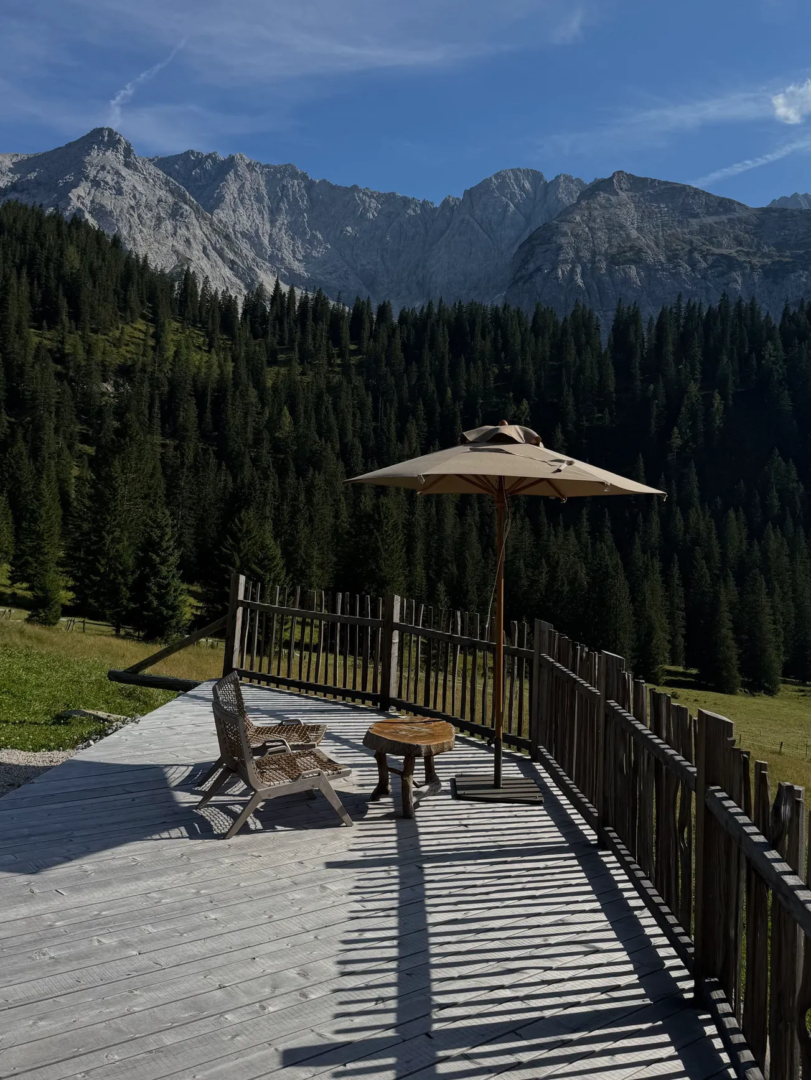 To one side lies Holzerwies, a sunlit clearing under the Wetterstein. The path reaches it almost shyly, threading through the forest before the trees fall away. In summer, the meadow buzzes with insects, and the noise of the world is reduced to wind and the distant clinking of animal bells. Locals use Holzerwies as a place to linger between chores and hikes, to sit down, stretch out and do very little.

---

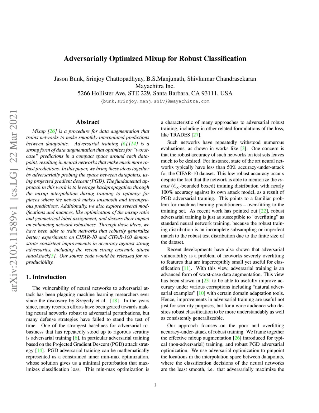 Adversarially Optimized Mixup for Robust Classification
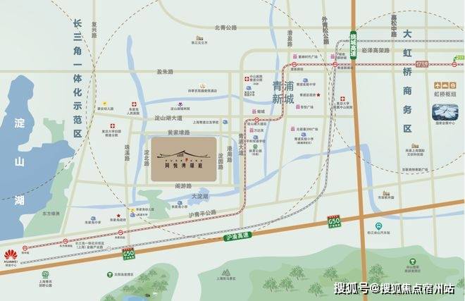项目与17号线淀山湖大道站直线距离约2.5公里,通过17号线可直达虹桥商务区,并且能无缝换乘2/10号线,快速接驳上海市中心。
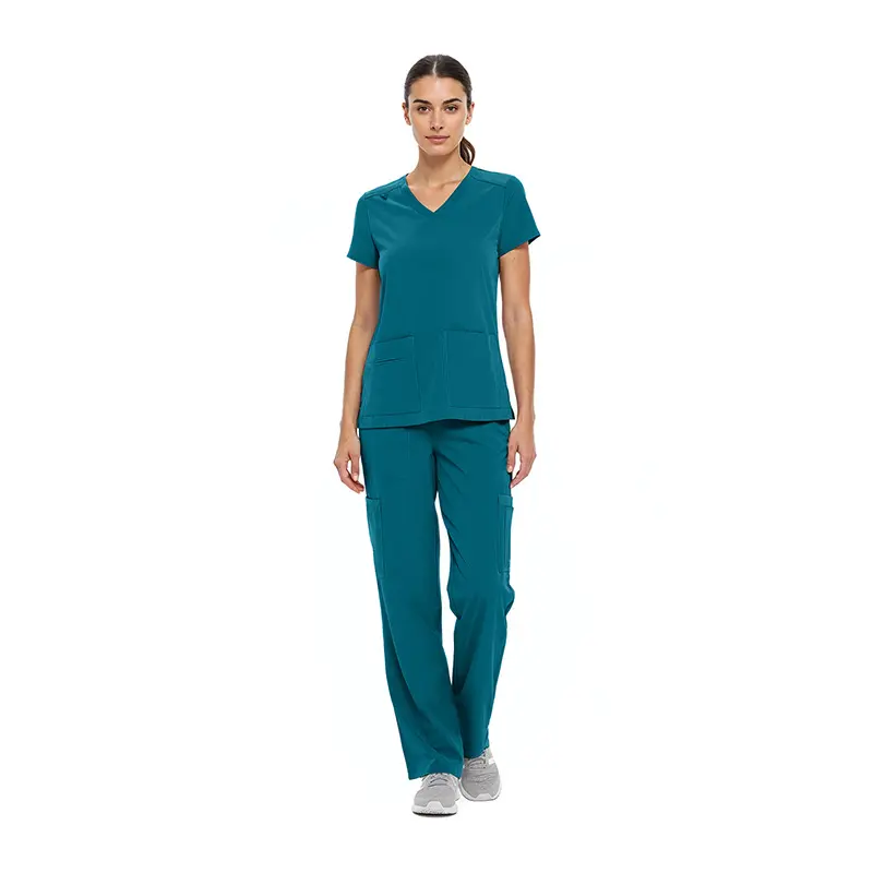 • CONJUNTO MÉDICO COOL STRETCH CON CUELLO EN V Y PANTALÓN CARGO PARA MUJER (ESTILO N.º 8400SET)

What the task requires. Line for line, output the entries above from the line with "Adversarially Optimized Mixup" to the line with "(ESTILO N.º 8400SET)", both included, and nothing more. Skip pictures.

Written solution.
 Adversarially Optimized Mixup for Robust Classification
项目与17号线淀山湖大道站直线距离约2.5公里,通过17号线可直达虹桥商务区,并且能无缝换乘2/10号线,快速接驳上海市中心。
 • CONJUNTO MÉDICO COOL STRETCH CON CUELLO EN V Y PANTALÓN CARGO PARA MUJER (ESTILO N.º 8400SET)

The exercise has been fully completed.